Men and Warfarin

Publication Date: 
By: Alere Staff

Gender differences in health and the use of health services have been a long-standing concern for the United States medical system; such differences have been documented across the health services spectrum.1 Women use preventative medical services more than men, resulting in higher costs for healthcare among women.2 Recent reports from the Centers for Disease Control (CDC) indicate that men access healthcare less frequently and often do so for emergency needs rather than for preventative care.3

Men and Warfarin

Warfarin use is not gender specific. The risk factors and side effects of warfarin do not change due to gender. However, with the knowledge that men may be more reluctant to seek medical care, the provider who manages warfarin should take this into consideration when developing a plan of care. Warfarin requires ongoing testing and dose adjustments to maintain safe levels of the medication. Men should be empowered to be partners in their care with their provider; this may improve compliance and safety.3 When busy work schedules or other personal priorities get in the way of the necessary routine testing, providers can offer options for alternative methods of testing, such as self-testing at home.

If you have any questions about your warfarin dosing or routine testing, consult with your healthcare professional.

References:

  1. Cameron, K. A., Song, J., Manheim, L. M., & Dunlop, D. D. (2010).
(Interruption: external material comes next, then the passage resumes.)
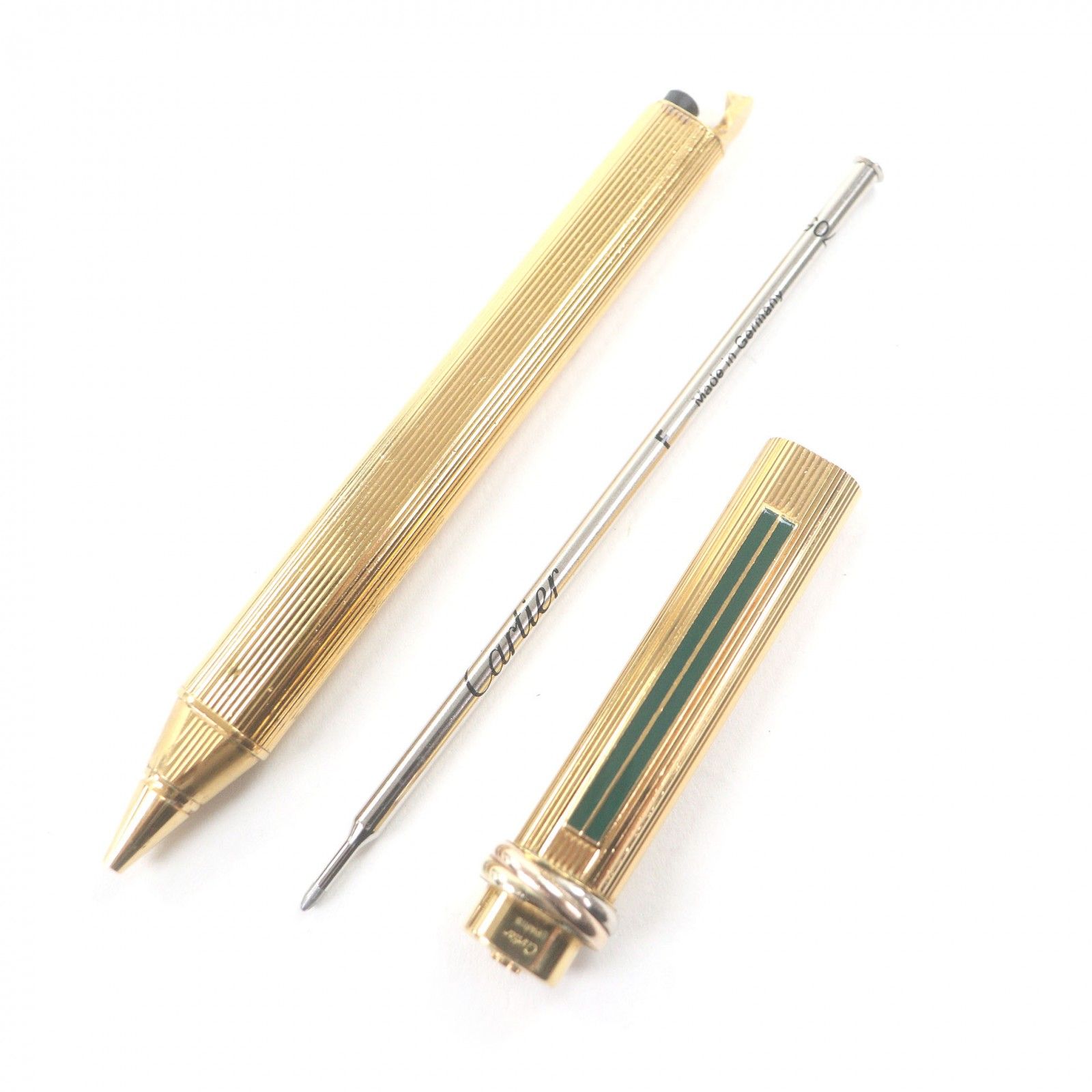 Cartier カルティエ ヴィンテージ トリニティ ストライプ柄 キャップ式 ボールペン ゴールド グリーン フランス製 メンズ 筆記 済み

Gender Disparities in Health and Healthcare Use Among Older Adults. Journal of Women’s Health, 19(9), 1643–1650.
  2. Bertakis KD, Azari R., Helms LJ., Callahan EJ., Robbins JA. Gender Differences in the Utilization of Health Care Services. J Fam Pract. 2000 Feb; 49(2): 147-52.
  3. Illiades, C., M.D. Men and Doctors: Understanding the Disconnect. EverydayHealth. November 23, 2011. Retrieved from the website: http://doi.org/10.1089/jwh.2009.1701http://www.everydayhealth.com/mens-health/men-and-doctors-understanding-the-disconnect.aspx.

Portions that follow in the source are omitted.